# Anyone taken a Columbia 28 offshore?



## mrhoneydew (May 1, 2008)

Hello everybody... I am wondering if you have or have known someone who has taken a Columbia 28 offshore? I just purchased mine (a '69) in September. Originally I was just planning to stick to Puget Sound and up the Inside Passage, but of late I am coming to the conclusion I would like to take it out. Likely from Seattle down to Mexico, Panama, and then into the Caribbean. I would like to hear from past or present owners about their experiences with this particular boat. If there is anything to watch out for regarding the boat, anything to address before heading out, any particular sail configuration that works well... I don't know, whatever you've got.


----------



## Capt.aaron (Dec 14, 2011)

I have been off shore in a trip Columbia 26. We sailed south out of Key West into a lively gulf stream with a 15 knot wind opposing the stream, nice 10 to 15 foot swells. Took them on the beam in a full moon for about 8 hour out and back on shake down cruise. She handled fantastically. My own boat is 1965 Soverel 28 and she is very cummfy out there. Most of the production sail boats from the 60's hold their own in an offshore situation.....I find.


----------



## mrhoneydew (May 1, 2008)

Thanks for the reply! I think boats of this era tend to be pretty well built. I need to go through my rig, but apart from that the rest is pretty cosmetic. Guess I'll find out.


----------



## Markwesti (Jan 1, 2013)

Hi , a dock neighbor of mine had a Columbia 28, years ago he and his wife did some short range cruising with it .Basically they took it 26 miles to Catalina Ca. and because at the time they didn't have much money they always anchored . Also they did the Newport to Ensanada race . But really I think you should treat cruising the boat like any other , inspect everything . Good luck ! Hey you will be going right by my front door , stop by for a beer .


----------



## mrhoneydew (May 1, 2008)

That is my thinking as well... go through everything so I know what's there even if I don't replace it. If I hadn't been on board with the guy I bought it from when I bought it I would swear it had been abandoned. Needed a deep cleaning and to sort through a bunch of crap that he left behind. I have been busy with work so I STILL get to do a lot of that.
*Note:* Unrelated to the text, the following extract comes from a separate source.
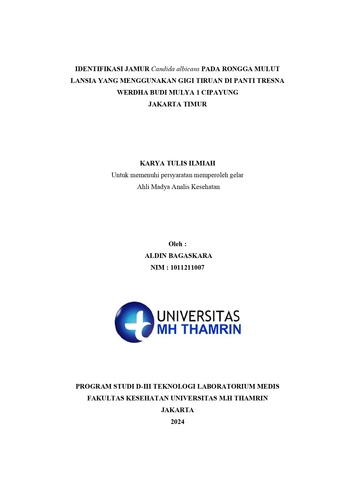 ALDIN, BAGASKARA (2024) IDENTIFIKASI JAMUR Candida albicans PADA RONGGGA MULUT LANSIA YANG MENNGUNAKAN GIGI TIRUAN DI PANTI TRESNA WERDHA BUDI MULYA 1 CIPAYUNG JAKARTA TIMUR. Diploma thesis, Universitas Mohammad Husni Thamrin.

I might just take you up on that beer!


----------



## Markwesti (Jan 1, 2013)

What does your boat have in the way of a motor ? My friend had the gasoline Atomic . That motor gave him a lot of trouble . I'm not saying that's a bad motor, no not at all . my wife before I met her had a Catalina 30 with a Atomic , that motor was smooth and reliable . On the other hand I know of some people that have problems with them(like what engine does not have problems !) Good news you can still get any part you need, and down here there is a guy who sells rebuilt replacement motors . Also you talked about sail combos . For sure you need a working set (main & jib) with reef points . If you don't have roller furling , you can still reef the jib . Check it out in The Sailor's Sketch Book ,it shoes you how to do that plus some other stuff . Finally you need a down wind sail , Spinnaker for sure . but if you are not into that , at least get a drifter . I don't have a Spin just a drifter . So what I do is pole out my jib to the windy side and set the drifter to leeward side . I would tell you how fast I go with that set up , but some people accuse me of lying about it, haha .


----------



## mrhoneydew (May 1, 2008)

It came with the Atomic 4 in it, but it won't start. I had intended to put a diesel in it... which I have an Atomic 5411 and Hurth transmission that I will rebuild before I swap them. In the meantime I am planning to tinker around with the A4 to see if I can get it running and use it this spring/summer. Then I would have a running engine that I can sell. 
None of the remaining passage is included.